The most tantalizing target is the Great Pacific Garbage Patch, a floating accumulation of an estimated 80,000 tons of plastic spanning 1.6 million square kilometers. Could enzymes clean it? Not directly—enzymes work best in warm, aqueous solutions with controlled pH, not cold, salty ocean water with debris. But the patch is not a single mass; most of it is microplastics suspended in the top few meters of water. Researchers are exploring the idea of floating bioreactors that would pump in seawater, warm it slightly, add enzymes, and discharge the monomers, which are water‑soluble and harmless.
"That is a decade away at best," cautions Dr. Montgomery. "But the principle is sound. If we can collect the plastic, we can enzymatically recycle it. The patch is a symptom of a broken system. The cure is to stop plastic from entering the ocean in the first place, and to make sure that the plastic we do use is endlessly recyclable. FAST‑PETase gives us the tool to close the loop."
"The patch is a symptom of a broken system. The cure is to stop plastic from entering the ocean in the first place. But FAST‑PETase gives us the tool to close the loop on the plastic already in the waste stream." — Dr. Alisha Montgomery
The Limits and The Promise
No technology is a silver bullet. FAST‑PETase only works on PET, which is about 12 percent of global plastic production. It does not work on polyethylene (plastic bags, shampoo bottles), polypropylene (yogurt cups, bottle caps), or polystyrene (styrofoam). Those require different enzymes or different recycling pathways. And the process requires clean, sorted plastic—no metal labels, no glue, no food residue—which means improved collection and sorting infrastructure is still essential.
Moreover, enzymatic recycling is not a license to keep producing single‑use plastics. The best solution remains reducing consumption and redesigning products for reusability. But for the plastic that is already in the waste stream—and for the plastic that will inevitably be used in medical devices, electronics, and other essential applications—enzymatic recycling offers a way out of the linear take‑make‑dispose model.
"The dream is a world where every plastic bottle you buy contains monomers that were once another plastic bottle," said Dr. Montgomery. "Not downcycled into a park bench. Not burned. Not buried. But reborn as a new bottle, indistinguishable from virgin plastic, at lower cost and lower carbon footprint. That is what FAST‑PETase makes possible."
The Quiet Revolution
The enzyme does not roar. It does not glow. It does not announce its work. In the vat at UT Austin, the slurry continues to churn, the ester bonds breaking, the long polymer chains falling apart into their constituent molecules. The process is silent, invisible, and unstoppable once started. In a few hours, the bottles that took centuries to degrade naturally will be gone, transformed into a clear liquid and a white powder that can be fed back into a polymerizer to become new bottles. The circle closes.

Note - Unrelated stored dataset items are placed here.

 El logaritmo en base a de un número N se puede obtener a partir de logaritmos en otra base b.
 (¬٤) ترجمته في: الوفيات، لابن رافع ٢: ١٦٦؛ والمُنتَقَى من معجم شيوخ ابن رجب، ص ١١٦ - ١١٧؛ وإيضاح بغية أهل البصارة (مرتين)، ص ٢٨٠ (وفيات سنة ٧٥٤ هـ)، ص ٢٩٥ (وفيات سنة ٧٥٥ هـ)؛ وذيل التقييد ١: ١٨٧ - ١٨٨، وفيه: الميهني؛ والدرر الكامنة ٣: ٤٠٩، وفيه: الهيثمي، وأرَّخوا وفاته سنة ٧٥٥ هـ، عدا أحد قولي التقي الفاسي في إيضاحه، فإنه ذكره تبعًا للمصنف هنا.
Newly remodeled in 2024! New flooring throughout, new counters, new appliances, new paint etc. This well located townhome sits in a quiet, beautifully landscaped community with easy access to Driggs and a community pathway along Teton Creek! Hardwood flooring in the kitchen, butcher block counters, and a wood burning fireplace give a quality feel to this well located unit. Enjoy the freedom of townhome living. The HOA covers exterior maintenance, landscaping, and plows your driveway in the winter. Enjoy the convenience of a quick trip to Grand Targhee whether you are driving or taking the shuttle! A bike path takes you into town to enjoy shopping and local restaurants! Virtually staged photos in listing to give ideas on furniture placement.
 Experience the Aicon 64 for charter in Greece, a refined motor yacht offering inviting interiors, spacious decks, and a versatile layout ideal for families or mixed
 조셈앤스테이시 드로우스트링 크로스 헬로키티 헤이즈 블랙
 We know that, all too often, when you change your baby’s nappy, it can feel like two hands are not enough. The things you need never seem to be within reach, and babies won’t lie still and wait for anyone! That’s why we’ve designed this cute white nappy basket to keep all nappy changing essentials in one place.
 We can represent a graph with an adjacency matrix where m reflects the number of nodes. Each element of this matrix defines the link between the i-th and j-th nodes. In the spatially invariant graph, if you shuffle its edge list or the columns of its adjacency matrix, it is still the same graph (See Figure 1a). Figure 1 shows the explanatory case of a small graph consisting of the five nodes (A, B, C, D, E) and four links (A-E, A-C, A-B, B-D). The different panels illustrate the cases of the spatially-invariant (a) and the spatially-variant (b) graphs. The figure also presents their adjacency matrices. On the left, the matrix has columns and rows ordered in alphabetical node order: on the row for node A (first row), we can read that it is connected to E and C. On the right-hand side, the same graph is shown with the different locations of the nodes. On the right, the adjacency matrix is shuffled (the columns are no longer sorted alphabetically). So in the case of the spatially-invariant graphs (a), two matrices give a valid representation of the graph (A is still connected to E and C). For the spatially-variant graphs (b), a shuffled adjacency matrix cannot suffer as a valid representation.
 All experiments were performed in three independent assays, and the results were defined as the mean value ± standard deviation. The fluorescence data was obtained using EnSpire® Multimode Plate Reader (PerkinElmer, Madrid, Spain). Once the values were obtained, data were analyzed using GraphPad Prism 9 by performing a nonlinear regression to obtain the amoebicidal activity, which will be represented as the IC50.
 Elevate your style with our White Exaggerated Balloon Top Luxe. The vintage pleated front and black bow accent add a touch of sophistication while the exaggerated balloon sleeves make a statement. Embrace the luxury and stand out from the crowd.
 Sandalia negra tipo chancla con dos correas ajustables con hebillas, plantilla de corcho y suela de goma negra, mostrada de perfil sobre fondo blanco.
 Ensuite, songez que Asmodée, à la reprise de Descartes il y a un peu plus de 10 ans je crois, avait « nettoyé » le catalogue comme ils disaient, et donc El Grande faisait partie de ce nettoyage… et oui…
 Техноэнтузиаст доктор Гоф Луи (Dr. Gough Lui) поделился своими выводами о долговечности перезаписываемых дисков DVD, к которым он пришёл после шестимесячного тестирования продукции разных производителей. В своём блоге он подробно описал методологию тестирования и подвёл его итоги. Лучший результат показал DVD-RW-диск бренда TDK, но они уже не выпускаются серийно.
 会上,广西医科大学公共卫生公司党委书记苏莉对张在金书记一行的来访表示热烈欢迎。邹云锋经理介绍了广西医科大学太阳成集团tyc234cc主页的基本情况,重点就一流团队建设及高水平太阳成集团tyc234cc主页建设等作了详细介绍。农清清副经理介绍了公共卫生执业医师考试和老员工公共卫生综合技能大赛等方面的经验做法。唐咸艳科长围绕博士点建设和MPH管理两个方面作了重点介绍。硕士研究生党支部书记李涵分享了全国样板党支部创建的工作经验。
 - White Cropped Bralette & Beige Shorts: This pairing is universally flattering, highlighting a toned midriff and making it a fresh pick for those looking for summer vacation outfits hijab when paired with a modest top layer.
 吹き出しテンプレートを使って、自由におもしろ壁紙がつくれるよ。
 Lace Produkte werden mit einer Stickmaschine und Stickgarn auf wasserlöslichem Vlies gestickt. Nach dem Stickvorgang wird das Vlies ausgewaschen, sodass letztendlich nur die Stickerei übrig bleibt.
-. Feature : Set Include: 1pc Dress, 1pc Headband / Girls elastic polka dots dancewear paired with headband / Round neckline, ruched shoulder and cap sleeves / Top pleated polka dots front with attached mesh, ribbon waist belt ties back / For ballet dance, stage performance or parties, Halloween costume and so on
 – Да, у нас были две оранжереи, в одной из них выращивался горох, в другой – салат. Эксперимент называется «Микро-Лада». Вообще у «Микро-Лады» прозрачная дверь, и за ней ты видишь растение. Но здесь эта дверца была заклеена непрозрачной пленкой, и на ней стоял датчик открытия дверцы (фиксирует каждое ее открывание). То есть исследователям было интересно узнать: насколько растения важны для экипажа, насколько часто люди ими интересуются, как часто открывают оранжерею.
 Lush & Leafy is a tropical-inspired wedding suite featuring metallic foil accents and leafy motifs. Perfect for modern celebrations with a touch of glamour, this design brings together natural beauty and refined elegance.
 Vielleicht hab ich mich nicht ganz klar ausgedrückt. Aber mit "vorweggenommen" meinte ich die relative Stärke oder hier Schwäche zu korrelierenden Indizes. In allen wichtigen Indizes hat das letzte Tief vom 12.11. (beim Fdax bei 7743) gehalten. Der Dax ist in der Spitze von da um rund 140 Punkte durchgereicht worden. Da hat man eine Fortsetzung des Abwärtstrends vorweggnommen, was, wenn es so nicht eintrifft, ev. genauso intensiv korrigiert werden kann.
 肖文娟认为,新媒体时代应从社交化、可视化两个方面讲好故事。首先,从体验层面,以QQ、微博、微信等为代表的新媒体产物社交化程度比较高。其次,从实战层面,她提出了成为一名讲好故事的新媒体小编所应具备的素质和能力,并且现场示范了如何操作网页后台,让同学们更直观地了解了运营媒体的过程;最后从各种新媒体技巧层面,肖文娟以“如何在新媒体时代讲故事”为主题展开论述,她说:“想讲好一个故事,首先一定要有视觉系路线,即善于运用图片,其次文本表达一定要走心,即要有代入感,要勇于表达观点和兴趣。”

The discovery of PETase in a Japanese dump was a reminder that evolution is the greatest engineer. The engineering of FAST‑PETase is a reminder that human intelligence can accelerate evolution by a factor of a billion. The plastic crisis is not solved—not yet. But for the first time, there is a credible, economic, scalable path to solving it. The enzyme that eats plastic for breakfast is here. It is hungry. And it is ready for the billions of tons of lunch waiting in landfills and oceans.